▶ _Problem details_:
Return all the data exactly, keeping the pictures out.

▶ _Collected data_:
- - - - - - -

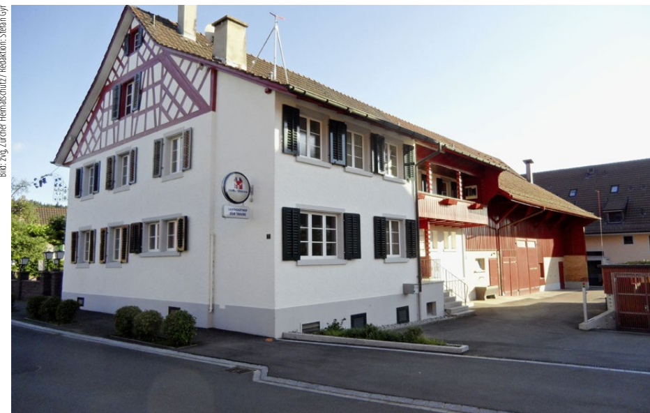
Die «Traube» in Dägerlen ist ein typisches traditionelles Gasthaus aus dem frühen 19. Jahrhundert.

In das Inventar sollen nicht nur Objekte aufgenommen werden, die mit Sicherheit geschützt werden müssten. Es genüge schon «die Möglichkeit, dass sich ein Objekt bei genauerer Untersuchung als schutzwürdiges Denkmal erweisen könnte». Der Fall der «Traube» geht nun zurück an das Zürcher Baurekursgericht. Dieses muss nun über die Schutzwürdigkeit des alten Hauses entscheiden. Bis auf Weiteres bleibt die «Traube» also stehen, und die Wohnungen werden nicht gebaut. (sda/bb)
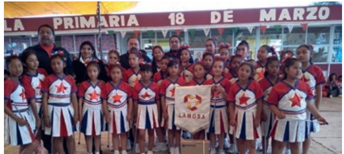
Programa "Escuela digna", planta revestimientos Gres, Escuela primaria 18 de Marzo.

- - - - - - -

▶ _Output for this task_:
Die «Traube» in Dägerlen ist ein typisches traditionelles Gasthaus aus dem frühen 19. Jahrhundert.

In das Inventar sollen nicht nur Objekte aufgenommen werden, die mit Sicherheit geschützt werden müssten. Es genüge schon «die Möglichkeit, dass sich ein Objekt bei genauerer Untersuchung als schutzwürdiges Denkmal erweisen könnte». Der Fall der «Traube» geht nun zurück an das Zürcher Baurekursgericht. Dieses muss nun über die Schutzwürdigkeit des alten Hauses entscheiden. Bis auf Weiteres bleibt die «Traube» also stehen, und die Wohnungen werden nicht gebaut. (sda/bb)
Programa "Escuela digna", planta revestimientos Gres, Escuela primaria 18 de Marzo.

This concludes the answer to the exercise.